### Given data
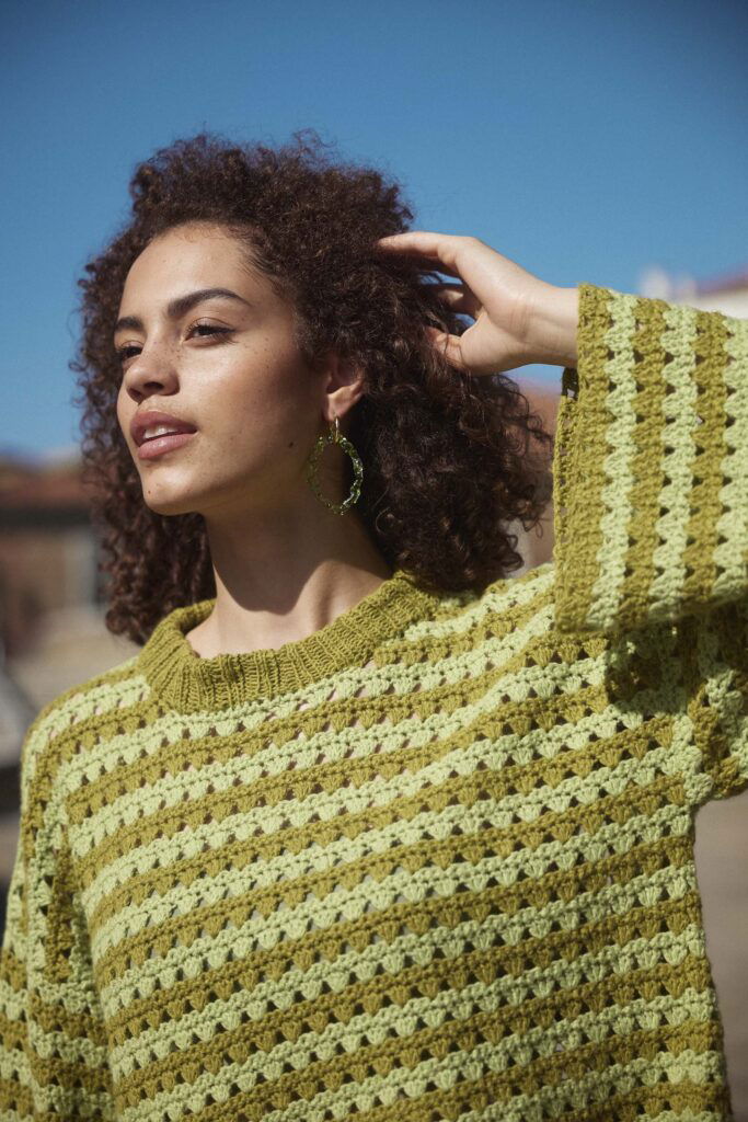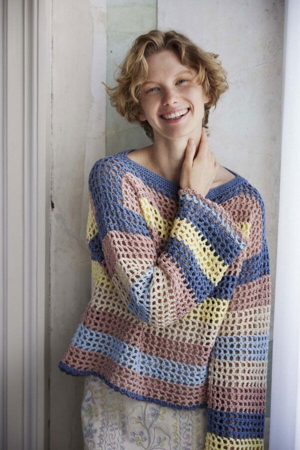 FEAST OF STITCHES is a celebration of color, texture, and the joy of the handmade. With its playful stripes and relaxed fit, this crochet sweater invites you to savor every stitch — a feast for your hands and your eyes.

* * *

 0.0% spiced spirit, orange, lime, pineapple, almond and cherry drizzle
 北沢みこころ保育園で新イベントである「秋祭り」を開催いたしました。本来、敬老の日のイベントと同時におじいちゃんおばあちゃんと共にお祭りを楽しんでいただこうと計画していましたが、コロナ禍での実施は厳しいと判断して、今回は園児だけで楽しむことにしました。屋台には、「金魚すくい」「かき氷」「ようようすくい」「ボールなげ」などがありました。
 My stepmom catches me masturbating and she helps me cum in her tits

### Task statement
Beginning at the line with "0.0% spiced spirit, orange, lime, pineapple, almond" and stopping after the line with "My stepmom catches", please write out every line of the data above exactly and nothing else.

### Response
 0.0% spiced spirit, orange, lime, pineapple, almond and cherry drizzle
 北沢みこころ保育園で新イベントである「秋祭り」を開催いたしました。本来、敬老の日のイベントと同時におじいちゃんおばあちゃんと共にお祭りを楽しんでいただこうと計画していましたが、コロナ禍での実施は厳しいと判断して、今回は園児だけで楽しむことにしました。屋台には、「金魚すくい」「かき氷」「ようようすくい」「ボールなげ」などがありました。
 My stepmom catches me masturbating and she helps me cum in her tits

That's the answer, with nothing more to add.